Никита Кузьмич вздохнул и взялся за вилку. Есть ему совсем не хотелось, но, если отказаться, Надя станет переживать. У неё ведь единственная радость – целый день торчать у плиты. Готовит как в ресторане: то мясо по-французски, то курица по-польски, то торт испечёт, да такой, что язык можно проглотить. Одна беда – без надобности это все Никите Кузьмичу. Он с юности привык питаться просто и ограниченно, потому и фигура к старости такая, какой и у многих сорокалетних нет – плоский живот, поджарые бедра, ни грамма лишнего жира. Он бы вполне удовлетворился гречкой на завтрак и борщом на обед, а ужин традиционно отдал бы врагу. Но нет – тут тебе и сырники, и ватрушки, и плюшки, и прочая фигня, от которой слабеют мышцы, кости и ткани становятся рыхлыми, и вот уже тянет бок, шею, крестец…

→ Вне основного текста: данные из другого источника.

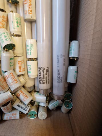 75 stuks gebruikte tl-lampen (dus géén led) met starters. Merk is osram (lumilux l18w/830) en philips (master tl-d 18w/830). Helder wit. Lengte 39 cm. Alles bijeen in één grote doos. Af te halen in es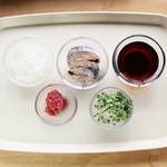 - 大根おろしの水気を軽く切り、器にサバ缶、大根おろし、ブロッコリースプラウト、種を取りたたいた梅をのせ、めんつゆを注ぐ。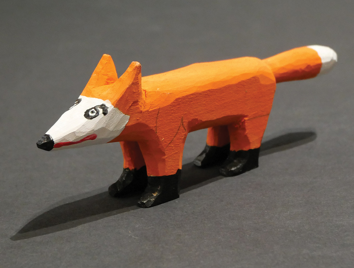 Woodcarver Minnie Adkins began her artistic journey with small creations: toys such as slingshots and pop-guns she whittled for herself as a child. “After I was an adult, I started looking at that slingshot, and it looked like legs,” she says, “and I thought if it had a head and a tail, it could be a rooster.” Today, she is known for painted woodcarvings of foxes, bears, horses and possums, as well as roosters. In Sandy Hook, KY, near her hometown of Isonville, Minnie Adkins Day is held annually on the third Saturday in July. “I sell a lot there,” Adkins says, adding, “The good part is that it’ll always be there after I’m gone, and the artists will have a market.”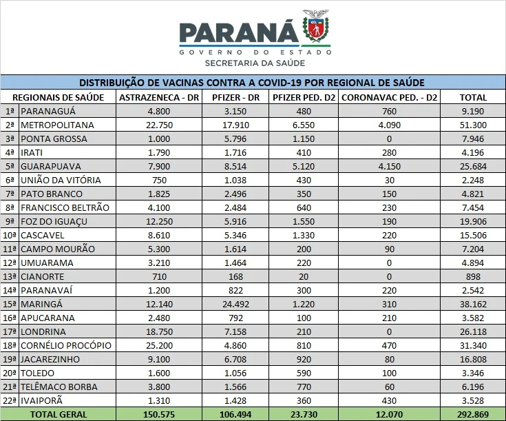 Confira a distribuição de doses enviadas nesta quarta-feira (22) por Regional de Saúde: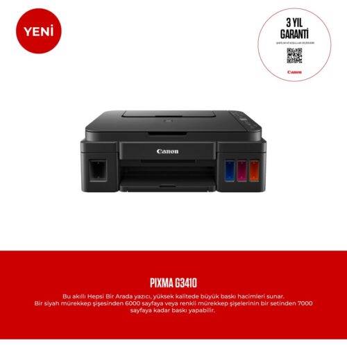 Canon Pixma G3410 Wi-Fi + Tarayıcı + Fotokopi Renkli Çok Fonksiyonlu Tanklı Yazıcı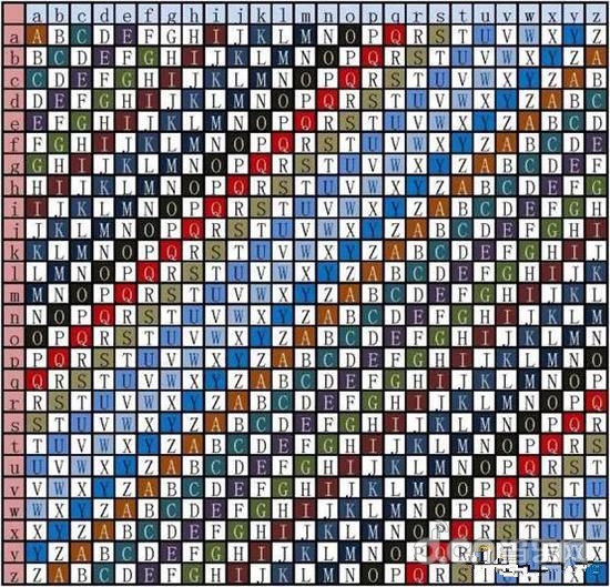 与那些显而易见的提示不同,这其实是一段等待破译的维吉尼亚密码。维吉尼亚密码由十六世纪法国亨利三世王朝的不来塞维吉尼亚发明,是在单一的凯撒密码的基础上扩展出来的多表密码。维吉尼亚密码的特点是将26个凯撒密码表合成了一个表,同时引入了“秘钥”概念。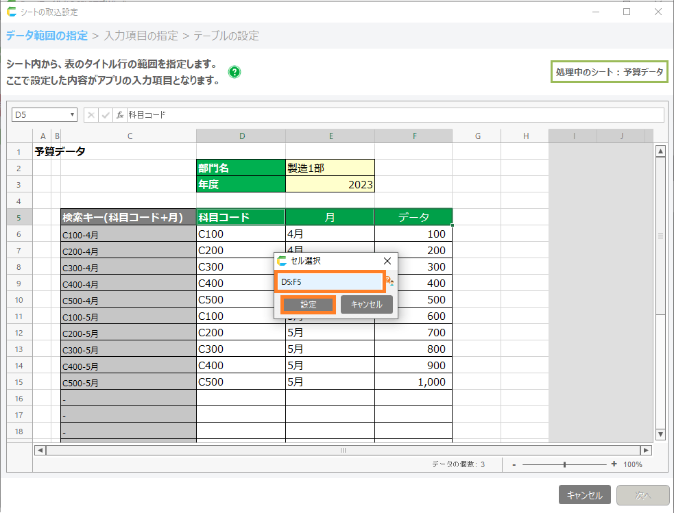 - 「表」のタイトル行を選択して「設定」をクリックします。サンプルでは「D5:F5」がタイトル行になります。

– Батюшка, ты что не кушаешь? – Надежда Сергеевна смотрела на него с укоризной. Позади неё на подоконнике так же укоризненно раскинул колючие ростки столетник, словно руками развёл в негодовании.
– Я ем, матушка. – Никита с досадой обмакнул сырник в сметану и отправил его в рот, затем другой. – Все. Сыт. Благодарствую.
– Да как же сыт, когда ещё полная тарелка? – расстроилась Надежда Сергеевна. – Ну хоть ещё один!